Coding projects

Classifying emotion elicited by failing form

Short but sweet
Duration
Feb 1, 2019
-
now
Jun 1, 2019
Type of project
University work
Tags
Affective Computing
Machine Learning
Programming
Research
Learnt skills
Python
Usability testing
Key work

Applications/websites don't always run as smoothly as desired, which can elicit negative emotions in its users. The field of Human Computer Interaction might be able to benefit from taking the affective state of the user into account during their interactions, to soften such blows. Measuring a user's emotion will, undeniably, raise some ethical questions. In this machine learning project, we focussed on trying to classify the emotions of 20 participants in relation to a two-time failed sign up process.

Project images
No pictures found.
Method
The failing form that users filled in 3 times before it succeeded. They filled it in under the pretence of joining a different kind of study.
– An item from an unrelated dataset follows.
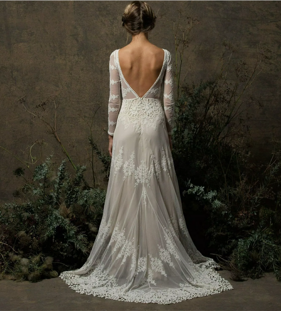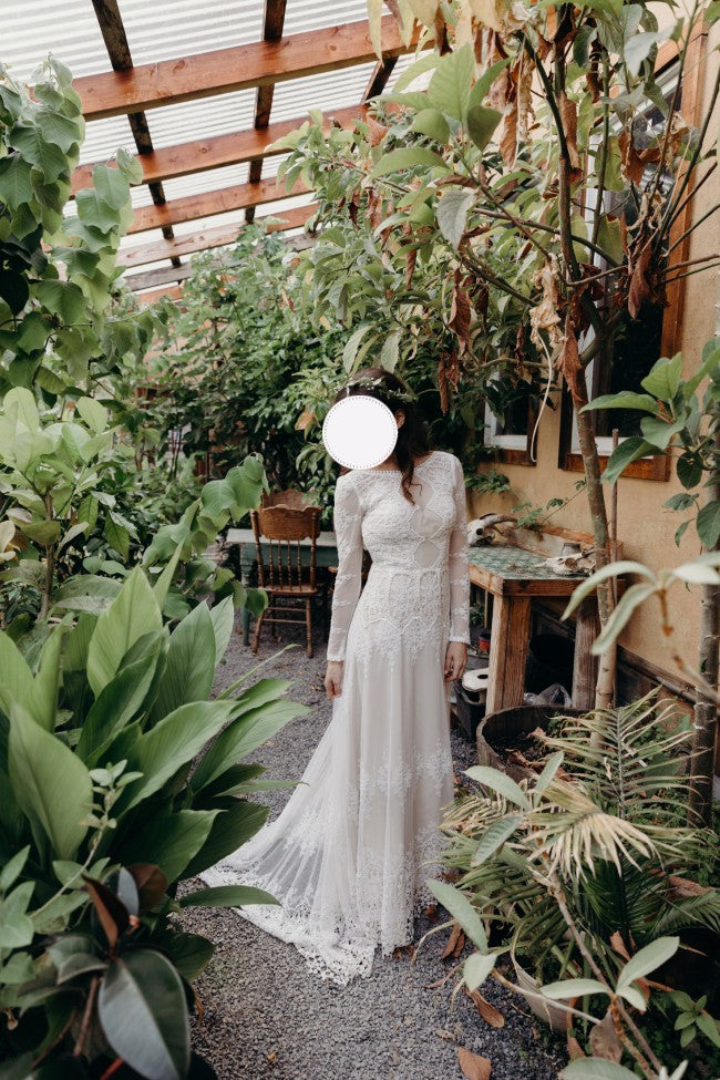 Are you looking for a bohemian wedding dress with long sleeves, low back, and is as comfortable as it is beautiful? Skip the stiff gowns with itchy laces and layers of restriction. The Aurora cotton lace wedding gown is lightweight and breathable; you’ll be able to move around all day/night in comfort. The sewn-in bra cups provide just enough ‘boob support,’ so no bra needed. This is the dress that tells your guest you’re ready for a relaxed, yet beautiful celebration. We get it that wedding planning can be stressful; to help calm your mind, we will create your dress to your body, so you can avoid the stress of costly alterations.

Previous papers have identified annoying factors in HCI, such as persistent pop-ups. With this university project, we tried to determine whether negative emotions, caused by annoying factors, can actually be measured. As mentioned briefly, participants of our experiment had to fill-in a sign up form that failed two times before succeeding, making them lose their information two times. We had several questions with regards to participants' emotions during this experience, such as: "How accurately can heart rate, galvanic skin response (sweat) and action units (sets of facial muscles) classify disappointment and frustration?'' and ''Which measurement (combination) works best in differing these emotions?''

We assumed that users would feel disappointment on the first time of losing their information and frustration after the second time. We made them fill in a post session questionnaire to test this assumption and verify a ground truth. We also measured their action units, heart rate and galvanic skin response during the experiment and used these features in various machine learning algorithms to classify between feelings of a neutral state (i.e. their state before starting to fill in the form), their ''after'' first submit state and ''after'' second submit state.

After data collection, we trained five machine learning models: Decision Trees (standard, random forests, LightGBM), Support Vector Machines and Logistic Regression. We made sure that we divided the data into training (75%) and test (25%) data in a fair way, using StratifiedShuffleSplit for a balanced test set. Our final tables and confusion matrices can be found in the paper, following this link.

Previous papers have identified annoying factors in HCI, such as persistent pop-ups. With this university project, we tried to determine whether negative emotions, caused by annoying factors, can actually be measured. As mentioned briefly, participants of our experiment had to fill-in a sign up form that failed two times before succeeding, making them lose their information two times. We had several questions with regards to participants' emotions during this experience, such as: "How accurately can heart rate, galvanic skin response (sweat) and action units (sets of facial muscles) classify disappointment and frustration?'' and ''Which measurement (combination) works best in differing these emotions?''

We assumed that users would feel disappointment on the first time of losing their information and frustration after the second time. We made them fill in a post session questionnaire to test this assumption and verify a ground truth. We also measured their action units, heart rate and galvanic skin response during the experiment and used these features in various machine learning algorithms to classify between feelings of a neutral state (i.e. their state before starting to fill in the form), their ''after'' first submit state and ''after'' second submit state.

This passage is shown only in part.